Rummy is a game wherein a player forms melds of certain matching cards of the same rank or suit. However, a lot of variations to this game exist, one of which is the Progressive Rummy. Plentifun explains the rules to play this Rummy type. Check it out!
Why Progressive You May Ask
This type of Rummy is called Progressive Rummy because the players progress from one round of the game to the next. With each new round, an additional card is dealt to compliment the respective meld. For instance, in the first round, 6 cards are dealt; a player must form 2 sets (3 cards each), which sum up to a total of 6 cards.
As in regular Rummy, the basic concept in this version stays the same; however, the sequences/melds to be made are predetermined for each round. A total of 7 rounds exist, each of which requires players to make certain melds by drawing and discarding. The player to complete the said sequence and laying off all cards first wins the round and scores a zero. The other players compute the score of the remaining cards in their hands.
The ultimate goal in the game is to accumulate as less points as possible. In strategy card games like Rummy, it’s very essential to understand and grasp the game rules beforehand; if you’re perfect with the rules, you could play Progressive Rummy like a pro.
Given below are the detailed rules and guidelines to play the Progressive Rummy card game. Take a look!
How to Play Progressive Rummy
What You Will Need
The game requires two decks of cards and one joker for two players. In case, more players wish to join, add one deck plus a joker per two additional players.
The basic object of the game is to form melds or card combinations on every new deal, which are previously determined. The player to successfully form the expected meld and lay off all of his/her cards first, wins the respective round. At the end of the game’s seven rounds, the player with the least cumulative score wins the game.
There are two types of melds in Progressive Rummy: ‘Sets’, and ‘Runs’.
A set (abbreviated as ‘S’) is a combination of three or more cards of the same rank irrespective of the suit.
For example, 5 ♥ – 5 ♠ – 5 ♦.
A run (abbreviated as ‘R’) on the other hand is a sequence of four or more consecutive cards, which should necessarily belong to the same suit.
For example, 4 ♣ – 5 ♣ – 6 ♣ – 7 ♣ .
In case of a run, aces should either be considered high or low in rank, but not both.
For instance, the correct combinations are:
A ♣ – 2 ♣ – 3 ♣ – 4 ♣ (when the ace is considered low) or
J ♠ – K ♠ – Q ♠ – A ♠ (when the ace is considered high)
Whereas, Q ♣ – K ♣- A ♣- 2 ♣ isn’t right.
The following table illustrates the seven melds, and number of cards to be dealt per round. Memorize it to make the gameplay easier.
|Melds||2 S||1 S and 1 R||2 R||3 S||2 S and 1 R||1 S and 2 R||3 R|
- Mix the two decks of cards, and deal each player 6 cards to begin the first round.
- Place the rest of the deck in the center and flip the top card; the deck would be used as the draw pile, and the flipped card would begin a discard pile.
- The player to the left of the dealer starts by picking up a card from either the draw or discard pile. He/she would then try to use it in his/her sequence, and discard a less useful card from his/her hand.

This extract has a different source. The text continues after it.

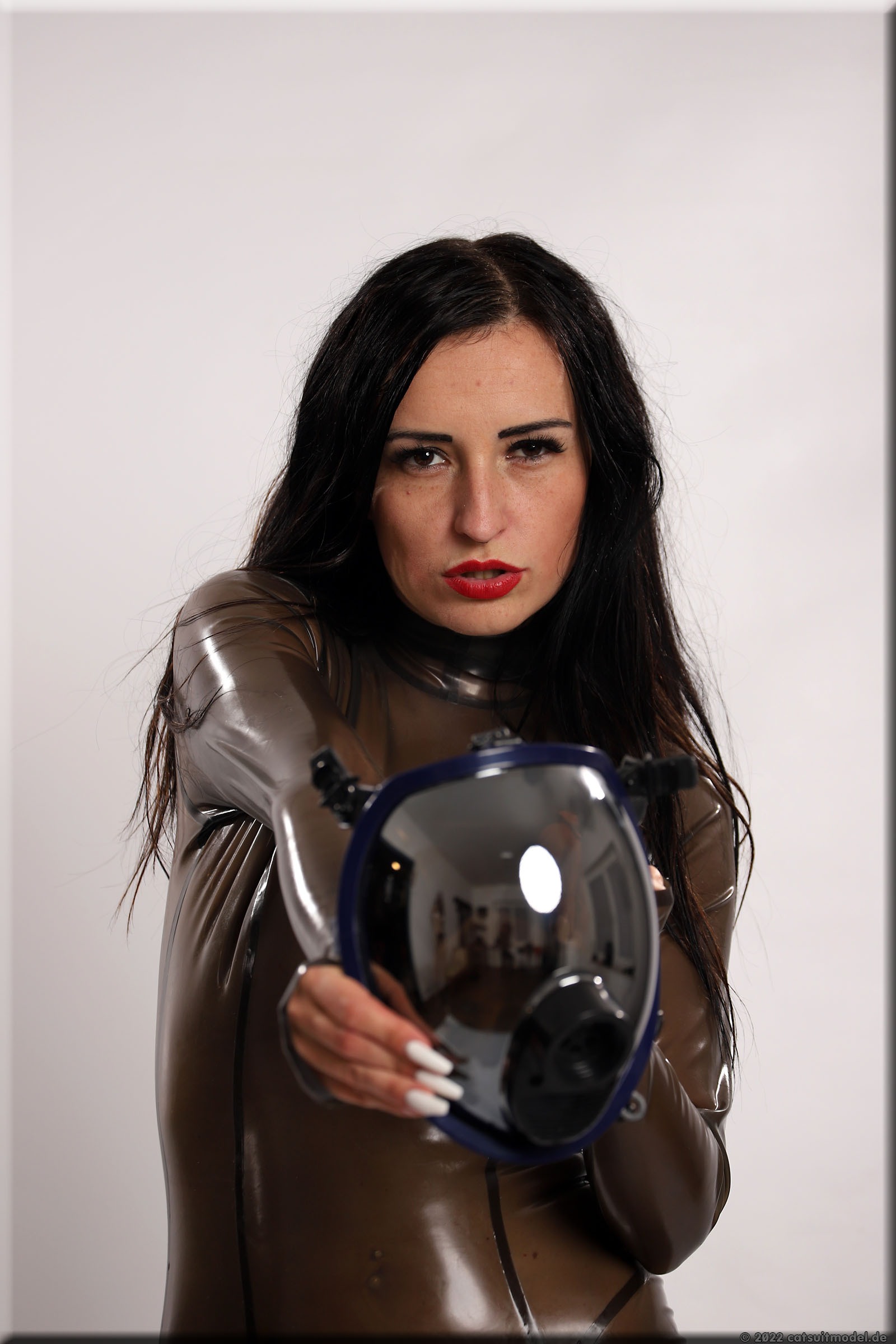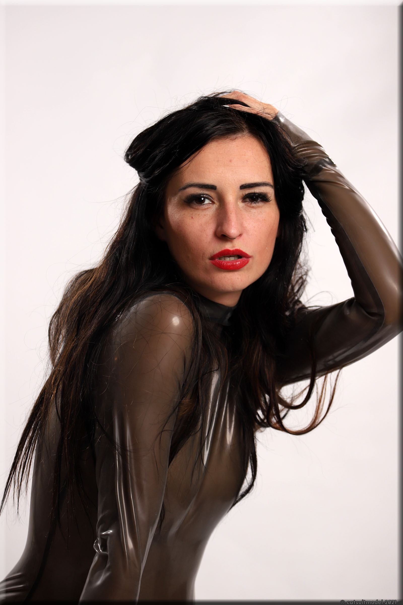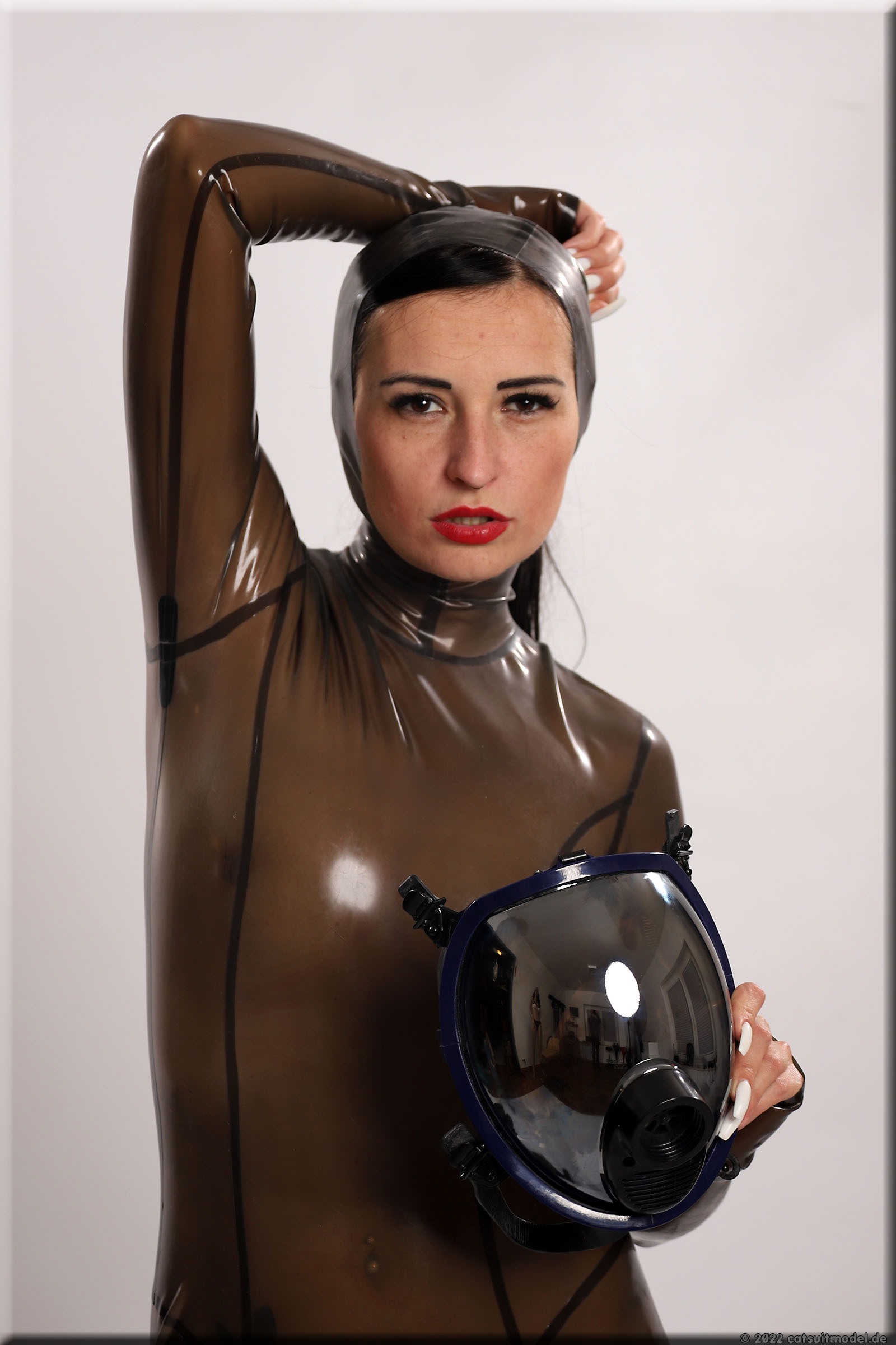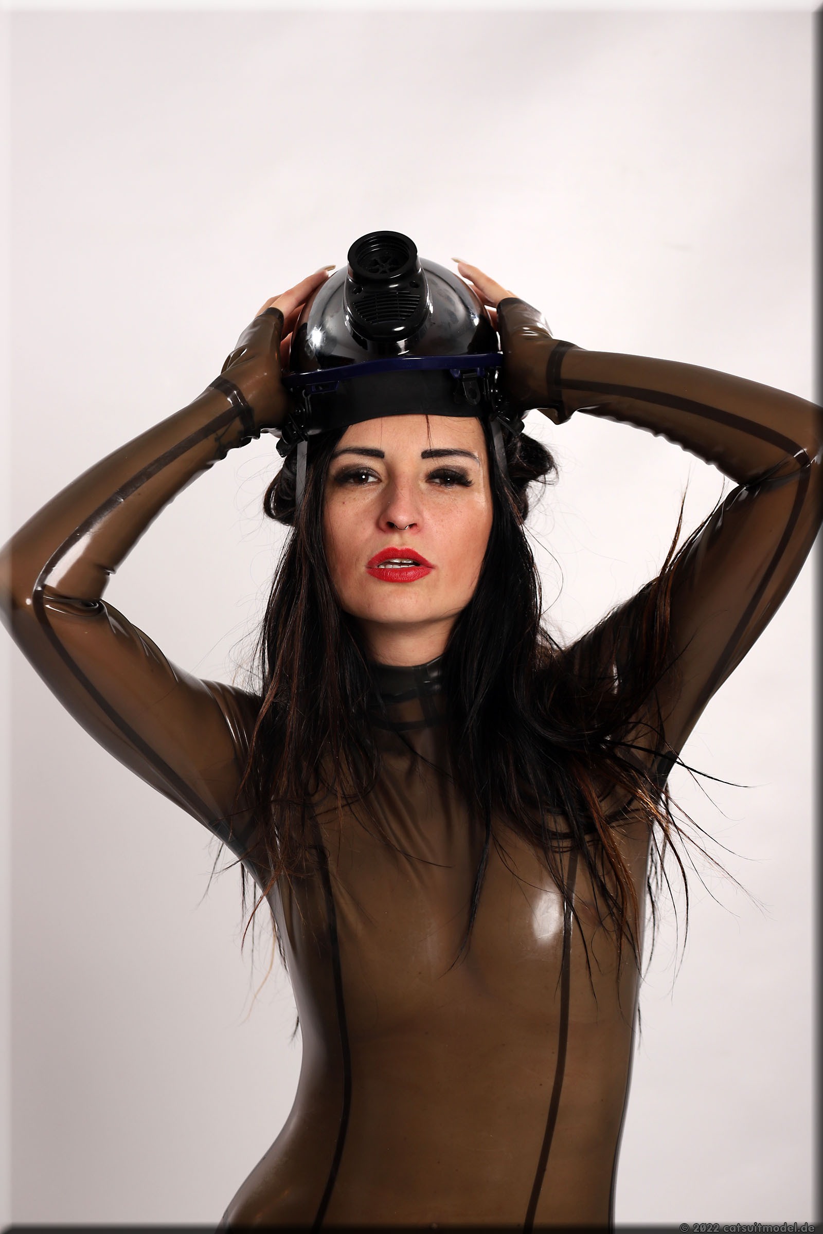 Kira trägt heute einen transparenten, dennoch fast allumschliessenden Catsuit in rauchgrau transparent von Latexcrazy.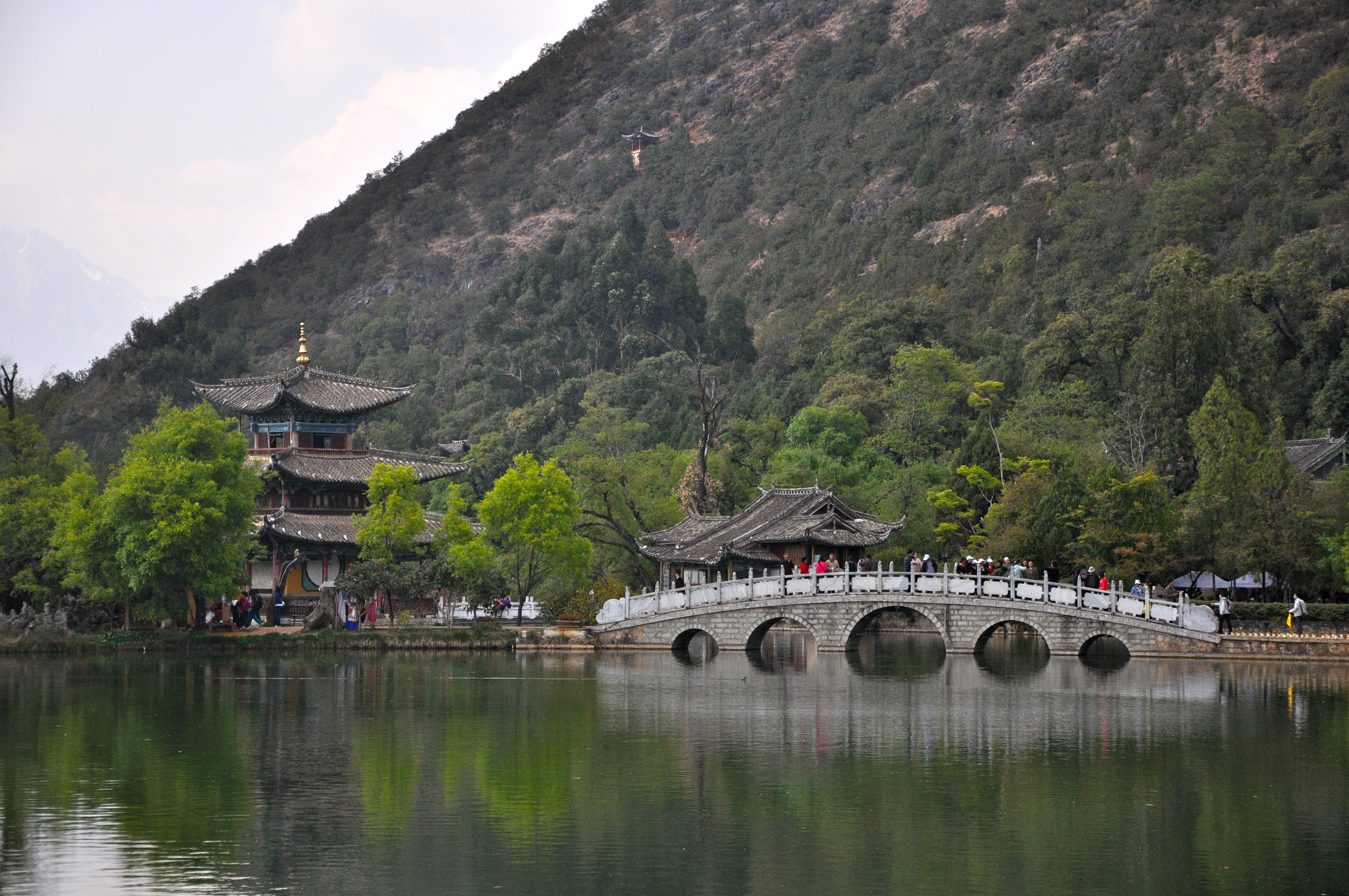 Um monumento no centro do lago cheio de carpas, está ligado à borda por uma ponte charmosa. É um dos cartões postais de Lijiang.

- The game continues in a similar fashion, wherein players draw and discard in an attempt to complete the said melds. Once a player is successful in forming a meld, he/she would lay it down on the table, and would ultimately win the round.
- Sometimes, confusion would arise when a player draws a card from the draw pile, and finds it useful to complete his/her meld. In such a case, there could be two possibilities: (i) the player by using the drawn card would lay off the formed meld, or; (ii) he would stick to the discard-one-card rule. In case of the latter, the player wouldn’t be able to complete the meld in that particular turn and will have to wait till he obtains another suitable card.
- In case a player is left with additional cards after laying off the meld of the respective round, he/she can lay off these cards by linking them to an existing meld, but only on his/her next turn. The round ends when a player is successful in getting rid of all of his/her cards.
- A Joker (could be more than one) is used as a wild card, and have the ability to replace any missing card in a particular sequence. If you get one, use it wisely.
- At the end of each round, players keep a score of the cards that remain in their hand. The score sheet for the same is given below.
Progressive Rummy Score Sheet
Overall, the game is pretty simple once you understand the rules correctly. Alternately, you could note down the seven melds for reference while playing Progressive Rummy. Play the game with your friends and family, and enjoy!